Rubio-Campillo Xavier
Computer Applications in Science & Engineering department, Barcelona Supercomputing Centre, Barcelona, Spain.
PLoS One. 2016 Jan 5;11(1):e0146491. doi: 10.1371/journal.pone.0146491. eCollection 2016.
Computational models are increasingly being used to study historical dynamics. This new trend, which could be named Model-Based History, makes use of recently published datasets and innovative quantitative methods to improve our understanding of past societies based on their written sources. The extensive use of formal models allows historians to re-evaluate hypotheses formulated decades ago and still subject to debate due to the lack of an adequate quantitative framework. The initiative has the potential to transform the discipline if it solves the challenges posed by the study of historical dynamics. These difficulties are based on the complexities of modelling social interaction, and the methodological issues raised by the evaluation of formal models against data with low sample size, high variance and strong fragmentation.

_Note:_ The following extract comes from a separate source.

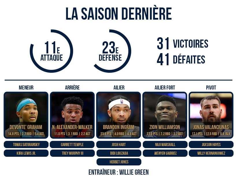 De plus, défensivement, les Pelicans étaient aussi trop souvent en difficulté. Sans oublier les erreurs, voire la naïveté, dans certaines fins de match, qui ont fait mal quand les victoires étaient importantes pour aller disputer le “play-in”. Bref, il y avait du potentiel dans cette équipe, mais aussi beaucoup de problèmes insurmontables sur 82 matches. L’intersaison a tenté de corriger cela pour permettre à Willie Green d’avoir plus d’options entre les mains.

This work examines an alternate approach to this evaluation based on a Bayesian-inspired model selection method. The validity of the classical Lanchester's laws of combat is examined against a dataset comprising over a thousand battles spanning 300 years. Four variations of the basic equations are discussed, including the three most common formulations (linear, squared, and logarithmic) and a new variant introducing fatigue. Approximate Bayesian Computation is then used to infer both parameter values and model selection via Bayes Factors.
Results indicate decisive evidence favouring the new fatigue model. The interpretation of both parameter estimations and model selection provides new insights into the factors guiding the evolution of warfare. At a methodological level, the case study shows how model selection methods can be used to guide historical research through the comparison between existing hypotheses and empirical evidence.
计算模型越来越多地被用于研究历史动态。这一可被称为“基于模型的历史”的新趋势,利用最近发布的数据集和创新的定量方法,基于书面资料来增进我们对过去社会的理解。形式模型的广泛应用使历史学家能够重新评估数十年前提出的、因缺乏适当定量框架而仍存在争议的假设。如果该倡议能够解决历史动态研究带来的挑战,就有可能改变这一学科。这些困难基于社会互动建模的复杂性,以及针对样本量小、方差大且高度分散的数据评估形式模型所引发的方法论问题。
这项工作基于一种受贝叶斯启发的模型选择方法,研究了一种替代评估方法。针对一个包含跨越300年的一千多次战役的数据集,检验了经典的兰彻斯特战斗定律的有效性。讨论了基本方程的四种变体,包括三种最常见的形式(线性、平方和对数)以及一种引入疲劳的新变体。然后使用近似贝叶斯计算通过贝叶斯因子来推断参数值和进行模型选择。
结果表明有决定性证据支持新的疲劳模型。对参数估计和模型选择的解释为指导战争演变的因素提供了新的见解。在方法论层面,该案例研究展示了如何通过现有假设与经验证据的比较,利用模型选择方法来指导历史研究。